┌────────

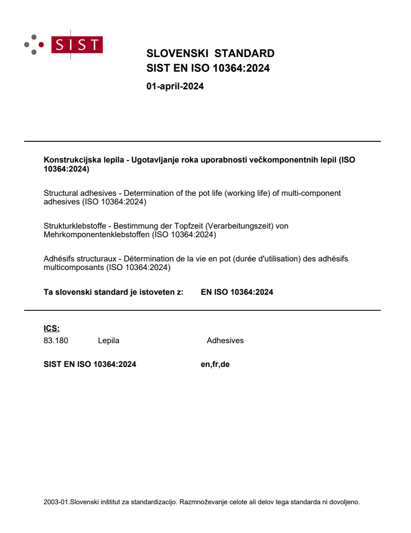Konstrukcijska lepila - Ugotavljanje roka uporabnosti večkomponentnih lepil (ISO 10364:2024)
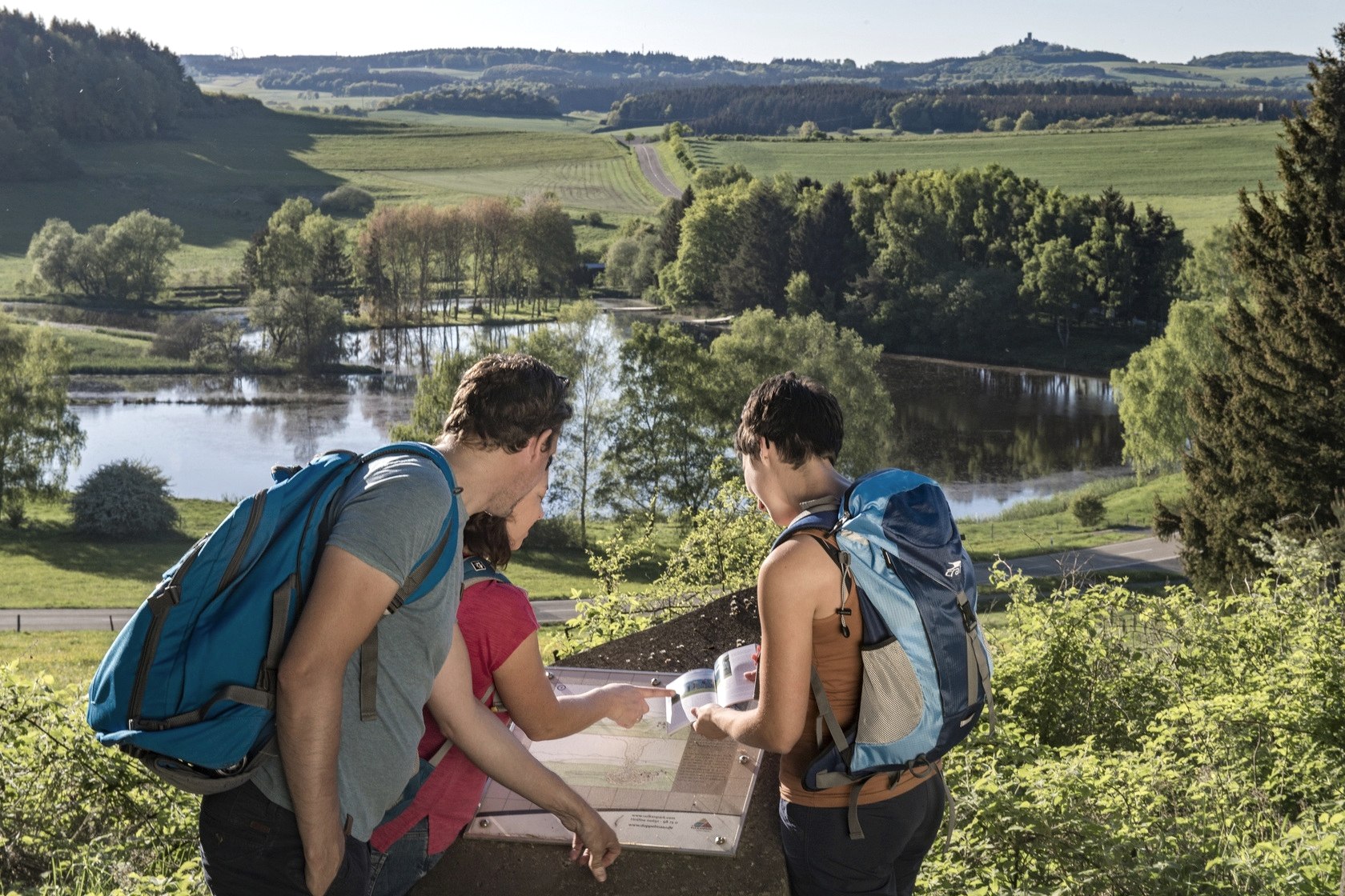Ein sanfter Abstieg führt zum Parkplatz „Schemel“ mit einer ersten Rastmöglichkeit. Von hier aus öffnet sich die Sicht auf das westliche Booser Maar, dessen Wasser in der Sonne glitzert. Der Blick schweift am Horizont bis zur Nürburg. Nach einem kurzen Waldstück sieht man auf das östliche Booser Maar, dessen Grund von Wiesen und Gehölzen bedeckt ist.
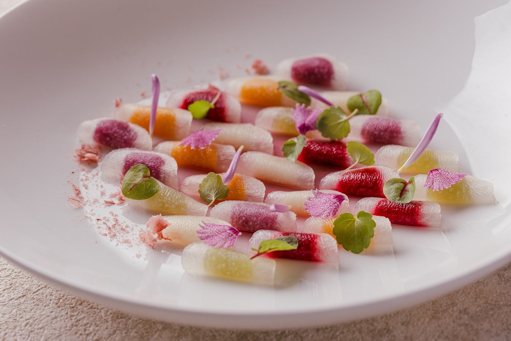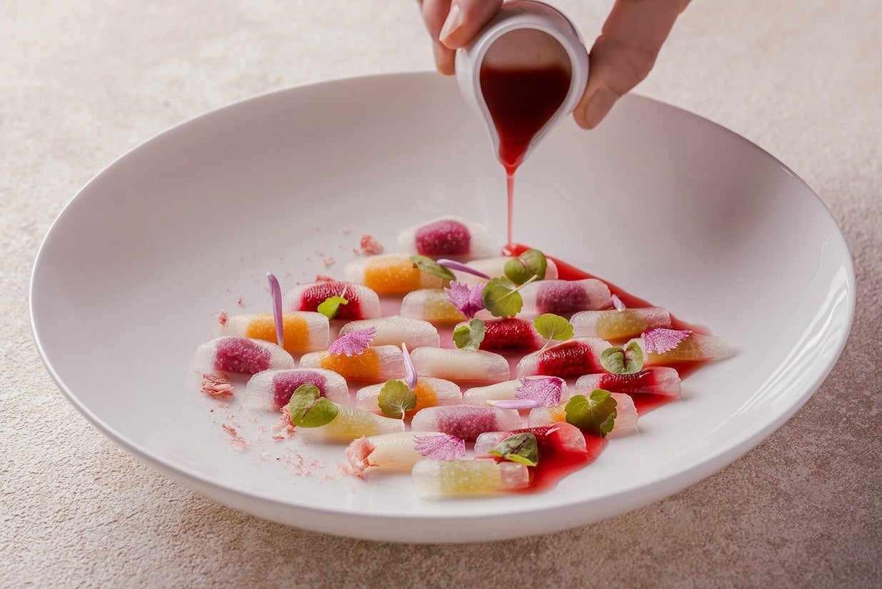 ピューレにした紫芋、ビーツ、バターナッツかぼちゃ、菊芋、デトックスジュレ(きゅうり、セロリ、りんごにシャンパーニュを合わせたジュレ)をマリネした大根で包み、お皿をパレットに見立て美しく並べました。やさしい味わいの野菜にシャンパーニュを合わせ、ビーツの朱色を生かした野菜のソースでお召し上がりいただきます。
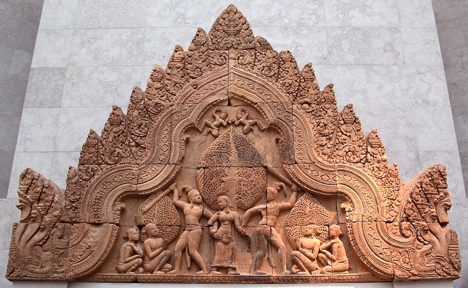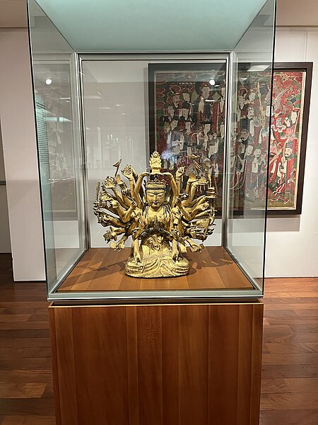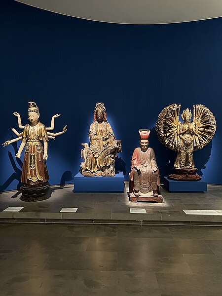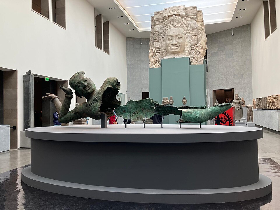 Le musée Guimet trouve son origine dans le projet d'Émile Guimet, industriel lyonnais, qui souhaitait créer un musée consacré aux religions et aux civilisations d'Égypte, de l'Antiquité classique et des pays d'Asie. Ses voyages en Égypte et en Grèce, puis son tour du monde en 1876 avec des étapes au Japon, en Chine et en Inde, lui permirent de rassembler d'importantes collections qu'il présenta à Lyon à partir de 1879. Il fit ensuite construire un musée à Paris pour y transférer ces collections ; ce musée fut inauguré en 1889. En 1927, le musée Guimet fut rattaché à la Direction des musées de France et enrichi par des acquisitions et dépôts issus de grandes expéditions en Asie centrale et en Chine, notamment celles de Paul Pelliot et d'Édouard Chavannes, ainsi que par les œuvres du musée Indochinois du Trocadéro. Tout au long des années 1920 et 1930, des dépôts importants provenant de la Délégation Archéologique Française en Afghanistan vinrent compléter les collections. Sous la direction de Joseph Hackin, qui menait aussi des fouilles en Afghanistan, le musée réalisa d'importants travaux, dont la couverture de la cour centrale pour accueillir à partir de 1938 une partie des collections khmères. Après 1945, dans le cadre d'une réorganisation nationale des collections, le musée envoya ses pièces égyptiennes au Louvre et reçut en retour l'ensemble des œuvres du département des arts asiatiques du Louvre, faisant de l'institution de la place d'Iéna l'un des premiers musées d'arts de l'Asie au monde. Des donateurs et les fonds d'acquisition des musées de France ont également contribué à l'enrichissement des collections.

└────────

= ACTION ITEM =
Pictures excluded, repeat the material above from its first line through the line containing "ピューレにした紫芋、ビーツ、", both included.

= RESPONSE FOR THIS EXERCISE =
Konstrukcijska lepila - Ugotavljanje roka uporabnosti večkomponentnih lepil (ISO 10364:2024)
Ein sanfter Abstieg führt zum Parkplatz „Schemel“ mit einer ersten Rastmöglichkeit. Von hier aus öffnet sich die Sicht auf das westliche Booser Maar, dessen Wasser in der Sonne glitzert. Der Blick schweift am Horizont bis zur Nürburg. Nach einem kurzen Waldstück sieht man auf das östliche Booser Maar, dessen Grund von Wiesen und Gehölzen bedeckt ist.
 ピューレにした紫芋、ビーツ、バターナッツかぼちゃ、菊芋、デトックスジュレ(きゅうり、セロリ、りんごにシャンパーニュを合わせたジュレ)をマリネした大根で包み、お皿をパレットに見立て美しく並べました。やさしい味わいの野菜にシャンパーニュを合わせ、ビーツの朱色を生かした野菜のソースでお召し上がりいただきます。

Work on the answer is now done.